From: Abhishek Dubey <adubey@linux.ibm.com>

Ensure the dummy trampoline address field present between the OOL stub
and the long branch stub is 8-byte aligned, for memory compatibility
when content loaded to a register.

Reported-by: Hari Bathini <hbathini@linux.ibm.com>
Fixes: d243b62b7bd3 ("powerpc64/bpf: Add support for bpf trampolines")

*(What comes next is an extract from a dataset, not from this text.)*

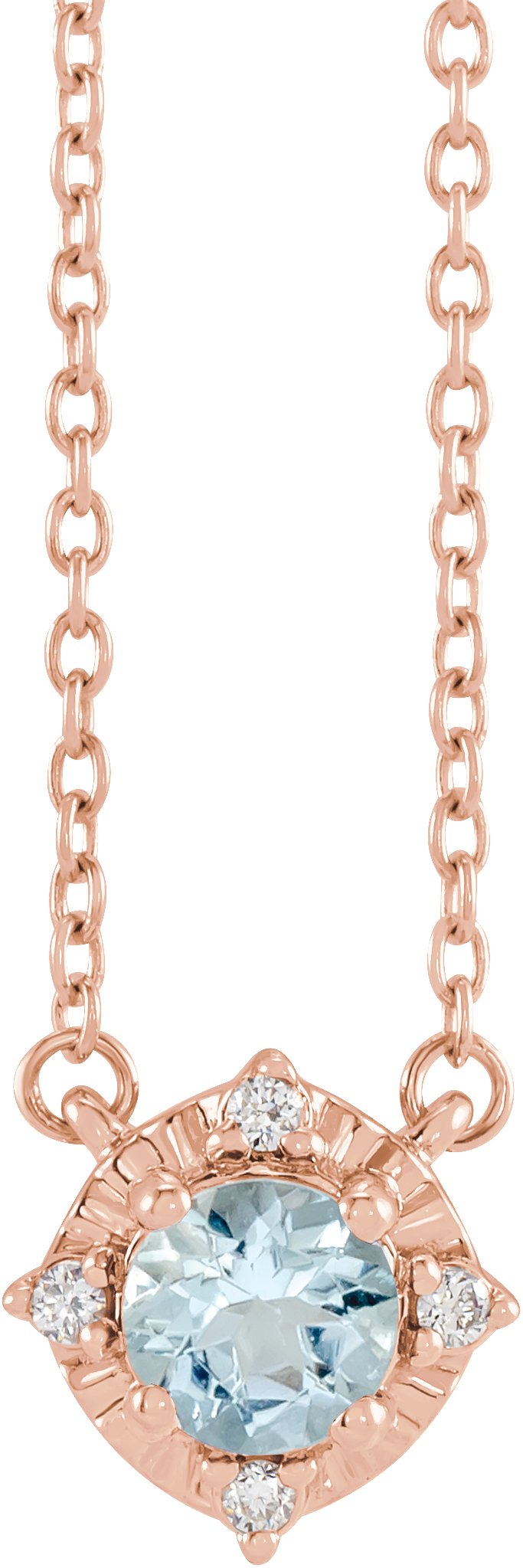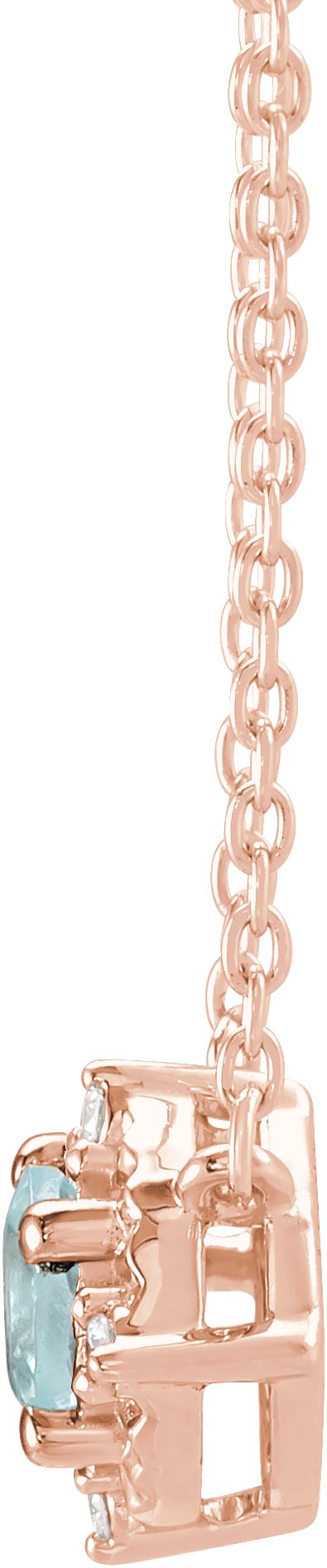 14K Rose Natural Aquamarine and .04 CTW Natural Diamond Halo Style 18 inch Necklace Ref 17917647

Cc: stable@vger.kernel.org
Signed-off-by: Abhishek Dubey <adubey@linux.ibm.com>
---
 arch/powerpc/net/bpf_jit.h        |  4 ++--
 arch/powerpc/net/bpf_jit_comp.c   | 39 +++++++++++++++++++++++++++----
 arch/powerpc/net/bpf_jit_comp32.c |  4 ++--
 arch/powerpc/net/bpf_jit_comp64.c |  4 ++--
 4 files changed, 40 insertions(+), 11 deletions(-)

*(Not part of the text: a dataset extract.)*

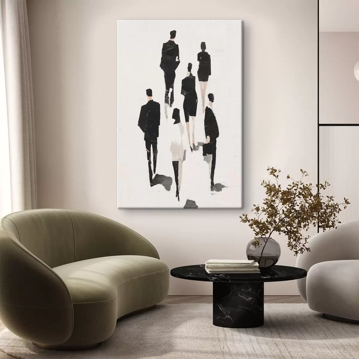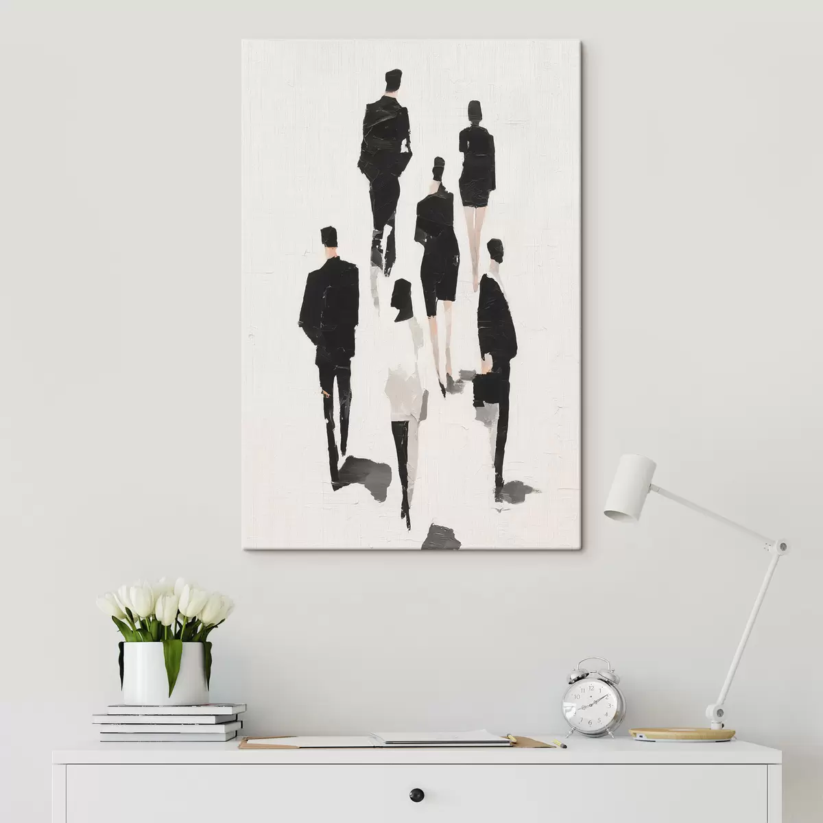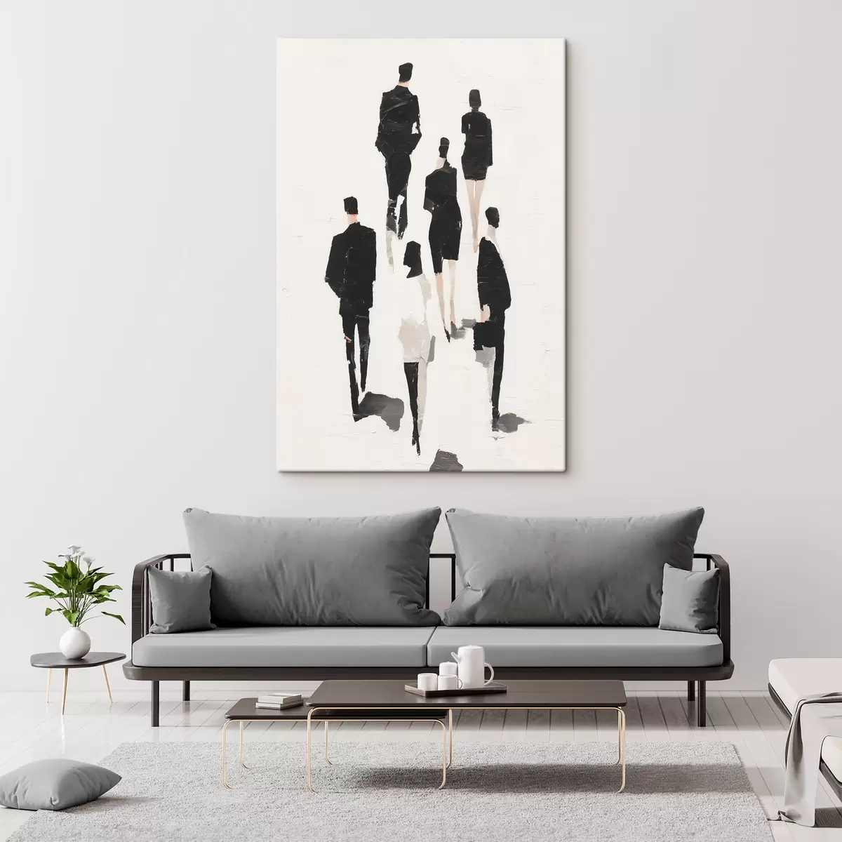 Schilderijen Een abstractie met silhouetten van mensen s48667

diff --git a/arch/powerpc/net/bpf_jit.h b/arch/powerpc/net/bpf_jit.h
index f32de8704d4d..71e6e7d01057 100644
--- a/arch/powerpc/net/bpf_jit.h
+++ b/arch/powerpc/net/bpf_jit.h
@@ -214,8 +214,8 @@ int bpf_jit_emit_func_call_rel(u32 *image, u32 *fimage, struct codegen_context *
 int bpf_jit_build_body(struct bpf_prog *fp, u32 *image, u32 *fimage, struct codegen_context *ctx,
 		       u32 *addrs, int pass, bool extra_pass);
 void bpf_jit_build_prologue(u32 *image, struct codegen_context *ctx);
-void bpf_jit_build_epilogue(u32 *image, struct codegen_context *ctx);
-void bpf_jit_build_fentry_stubs(u32 *image, struct codegen_context *ctx);
+void bpf_jit_build_epilogue(u32 *image, u32 *fimage, struct codegen_context *ctx);
+void bpf_jit_build_fentry_stubs(u32 *image, u32 *fimage, struct codegen_context *ctx);
 void bpf_jit_realloc_regs(struct codegen_context *ctx);
 int bpf_jit_emit_exit_insn(u32 *image, struct codegen_context *ctx, int tmp_reg, long exit_addr);
 void prepare_for_fsession_fentry(u32 *image, struct codegen_context *ctx, int cookie_cnt,
diff --git a/arch/powerpc/net/bpf_jit_comp.c b/arch/powerpc/net/bpf_jit_comp.c
index 6351a187ca61..a8e70a1cdb15 100644
--- a/arch/powerpc/net/bpf_jit_comp.c
+++ b/arch/powerpc/net/bpf_jit_comp.c
@@ -49,11 +49,39 @@ asm (
 "	.popsection				;"
 );
 
-void bpf_jit_build_fentry_stubs(u32 *image, struct codegen_context *ctx)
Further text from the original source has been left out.